◆ Task prompt
Look through the lines below; wherever the word "Gold" appears, copy that line.
=== Data for processing ===
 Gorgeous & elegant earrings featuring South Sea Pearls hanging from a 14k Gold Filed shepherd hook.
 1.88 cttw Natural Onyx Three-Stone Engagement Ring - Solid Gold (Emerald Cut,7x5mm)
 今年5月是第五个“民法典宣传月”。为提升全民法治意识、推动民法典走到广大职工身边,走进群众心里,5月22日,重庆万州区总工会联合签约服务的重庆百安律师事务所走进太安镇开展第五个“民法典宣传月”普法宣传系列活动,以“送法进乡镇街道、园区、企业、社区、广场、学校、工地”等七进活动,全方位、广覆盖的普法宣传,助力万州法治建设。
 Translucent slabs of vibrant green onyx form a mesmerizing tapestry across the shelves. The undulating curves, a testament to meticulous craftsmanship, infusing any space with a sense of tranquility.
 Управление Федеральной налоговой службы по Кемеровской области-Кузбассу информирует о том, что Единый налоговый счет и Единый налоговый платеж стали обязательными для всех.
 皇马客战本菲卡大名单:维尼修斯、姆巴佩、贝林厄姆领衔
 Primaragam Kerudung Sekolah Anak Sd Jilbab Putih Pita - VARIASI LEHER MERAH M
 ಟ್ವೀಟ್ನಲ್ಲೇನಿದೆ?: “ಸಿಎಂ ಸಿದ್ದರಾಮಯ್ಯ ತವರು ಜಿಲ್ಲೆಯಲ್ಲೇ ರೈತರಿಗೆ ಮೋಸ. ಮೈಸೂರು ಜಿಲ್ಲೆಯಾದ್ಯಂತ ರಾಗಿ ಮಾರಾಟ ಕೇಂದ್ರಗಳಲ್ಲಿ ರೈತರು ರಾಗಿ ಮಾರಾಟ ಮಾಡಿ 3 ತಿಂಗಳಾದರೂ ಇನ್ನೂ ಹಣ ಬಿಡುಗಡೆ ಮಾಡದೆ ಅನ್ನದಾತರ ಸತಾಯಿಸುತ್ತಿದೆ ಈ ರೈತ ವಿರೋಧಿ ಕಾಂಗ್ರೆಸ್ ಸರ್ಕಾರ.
===
◆ Response to the exercise
 Gorgeous & elegant earrings featuring South Sea Pearls hanging from a 14k Gold Filed shepherd hook.
 1.88 cttw Natural Onyx Three-Stone Engagement Ring - Solid Gold (Emerald Cut,7x5mm)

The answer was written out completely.